_PROMPT_:
Using the data that follows, output only the lines from the line with "VIN: 2HKRW6H36JH207049" up to and including the line with "учет уровня и", exactly, leaving pictures aside.

_DATA LISTING_:
--- START ---

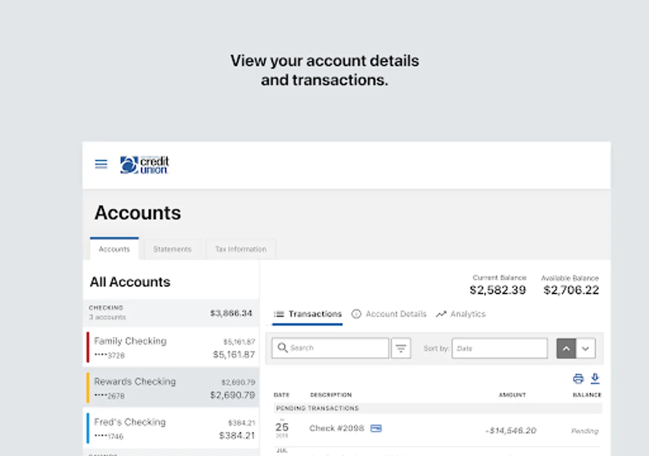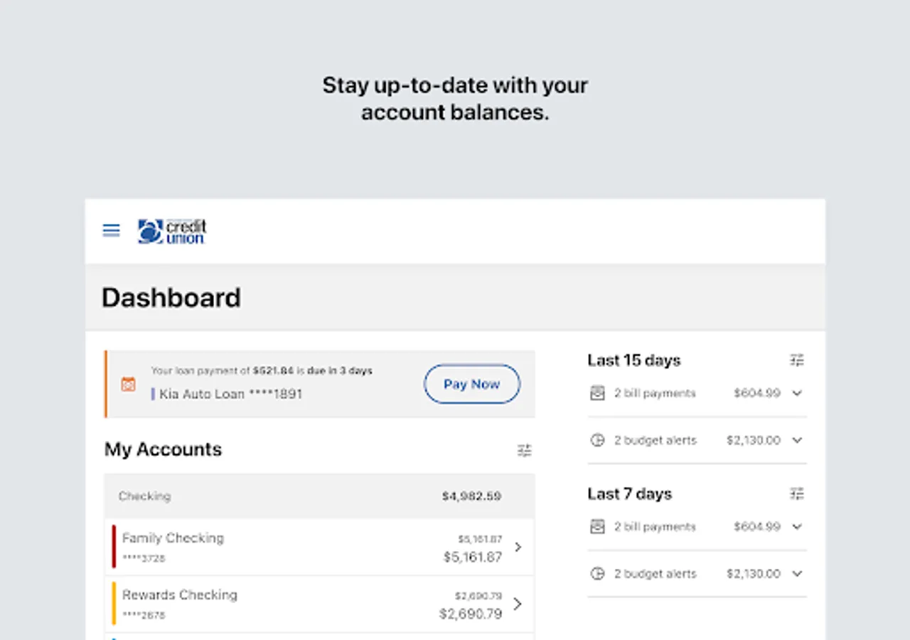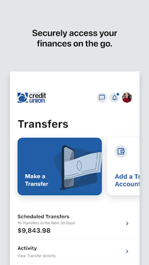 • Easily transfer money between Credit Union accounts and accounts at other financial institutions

--- END ---
--- START ---

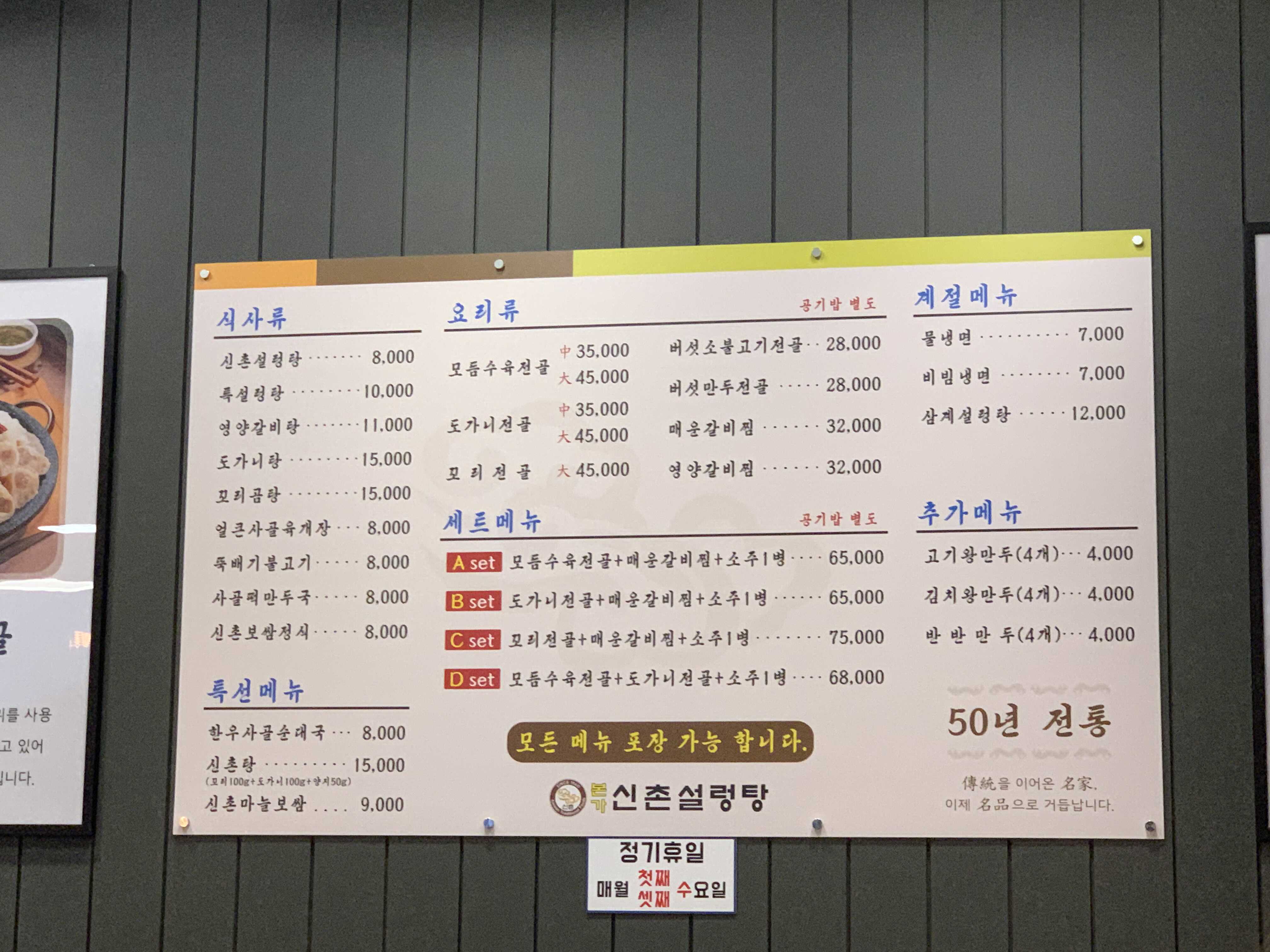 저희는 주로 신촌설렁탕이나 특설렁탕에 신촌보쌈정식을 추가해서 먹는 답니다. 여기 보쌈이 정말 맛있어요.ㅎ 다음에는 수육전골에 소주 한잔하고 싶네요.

--- END ---
--- START ---

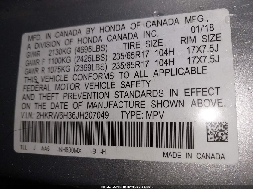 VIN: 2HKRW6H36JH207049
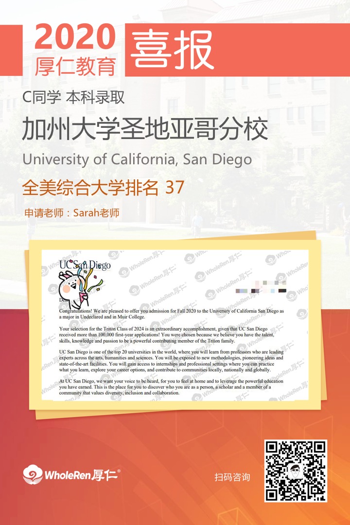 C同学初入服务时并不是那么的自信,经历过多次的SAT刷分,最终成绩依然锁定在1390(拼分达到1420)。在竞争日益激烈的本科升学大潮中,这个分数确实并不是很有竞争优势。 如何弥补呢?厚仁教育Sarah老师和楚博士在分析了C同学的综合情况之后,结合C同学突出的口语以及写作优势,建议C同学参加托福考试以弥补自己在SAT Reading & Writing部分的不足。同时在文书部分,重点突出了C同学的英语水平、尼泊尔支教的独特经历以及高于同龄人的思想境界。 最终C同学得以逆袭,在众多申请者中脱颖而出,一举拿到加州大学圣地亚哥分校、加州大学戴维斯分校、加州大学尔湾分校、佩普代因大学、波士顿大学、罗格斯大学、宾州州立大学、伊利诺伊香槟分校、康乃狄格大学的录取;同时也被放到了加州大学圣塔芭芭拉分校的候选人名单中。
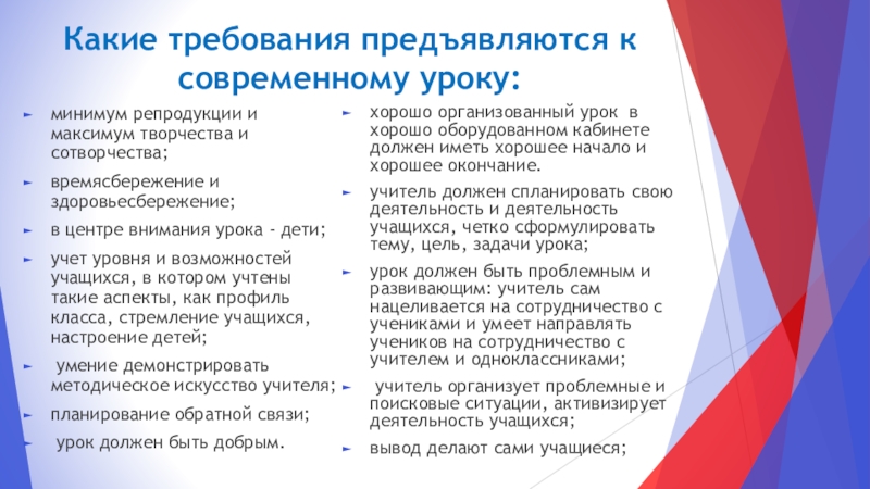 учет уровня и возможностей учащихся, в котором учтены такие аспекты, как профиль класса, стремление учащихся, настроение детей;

--- END ---

_OUTPUT OF THE EXERCISE_:
 VIN: 2HKRW6H36JH207049
 C同学初入服务时并不是那么的自信,经历过多次的SAT刷分,最终成绩依然锁定在1390(拼分达到1420)。在竞争日益激烈的本科升学大潮中,这个分数确实并不是很有竞争优势。 如何弥补呢?厚仁教育Sarah老师和楚博士在分析了C同学的综合情况之后,结合C同学突出的口语以及写作优势,建议C同学参加托福考试以弥补自己在SAT Reading & Writing部分的不足。同时在文书部分,重点突出了C同学的英语水平、尼泊尔支教的独特经历以及高于同龄人的思想境界。 最终C同学得以逆袭,在众多申请者中脱颖而出,一举拿到加州大学圣地亚哥分校、加州大学戴维斯分校、加州大学尔湾分校、佩普代因大学、波士顿大学、罗格斯大学、宾州州立大学、伊利诺伊香槟分校、康乃狄格大学的录取;同时也被放到了加州大学圣塔芭芭拉分校的候选人名单中。
 учет уровня и возможностей учащихся, в котором учтены такие аспекты, как профиль класса, стремление учащихся, настроение детей;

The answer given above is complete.